Ben said:
I have several Dell PE6650's running Win2K Server in a
RAID5 configuration. A couple of these servers host a
huge Oracle database and we are experiencing performance
issues. The DBA suggests enabling write caching for
troubleshooting purposes but when I get to that option in
the disk properties, the option is dimmed out so that I
cannot enable.
Can anyone tell me how to un-dim this option so that I can
enable write caching?
Thanks, Ben
While I can't help you enable the write cache option, I have had more than
just a bit of experience with Oracle databases. Some of the more immediate
suggestions (and I'm sure you've already tweaked some of them):
* Use RAID 1 instead of RAID 5. The performance is much better.
* Do some experimentation with DB_BLOCK_SIZE (if you have a spare machine)
to find the sweet spot for your disk drives' formatted allocation size.
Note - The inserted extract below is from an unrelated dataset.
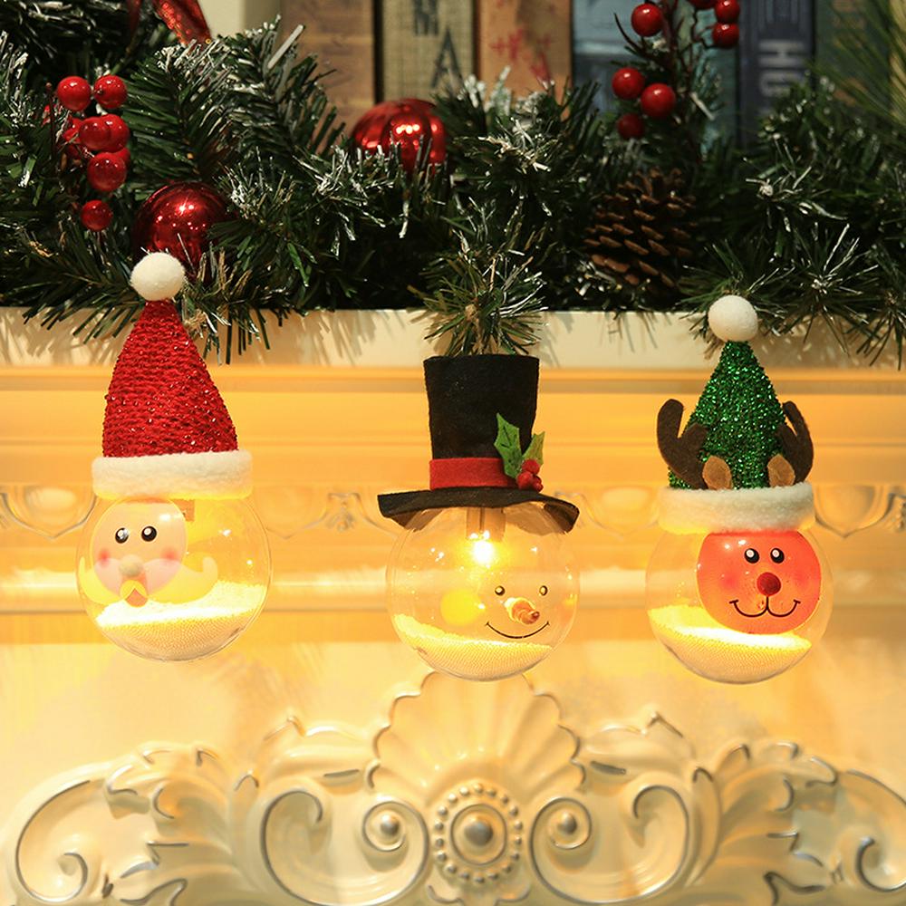 1 * Christmas Bulb Decorations with Lights Foam Particles Christmas Balls Cartoon Lamp Creative Santa Claus Old Man Snowman Christmas Tree Decorations

(There's actually a formula and some methodology you can use, but I don't
have it available right now.)
* Ensure your SHARED_POOL_SIZE and DB_BLOCK_BUFFERS is large enough,
especially the SHARED_POOL_SIZE. If SHARED_POOL_SIZE is too low, you won't
get the full advantage of your DB_BLOCK_BUFFERS.
* Set SHARED_POOL_RESERVED_SIZE and SHARED_POOL_MIN_ALLOCATION to get those
large requests into a less fragmented section of memory.
* For your static data - the stuff that doesn't get updated much (read
mostly) - use the CACHE parameter to pin the data in memory.
* If you have some intimate knowledge of the database application, group the
tables and indexes into separate tablespaces and store the tablespaces on
logically and physically separate drives to reduce I/O contention.
The biggest performance gain will come from this next one ...
* Shoot the programmer for not taking the time to TKPROF and optimize the
SQL statements.
(There is only so much the SysAdmin or DBA/DBM can do. More often than not,
it is the programmers that mess up performance.)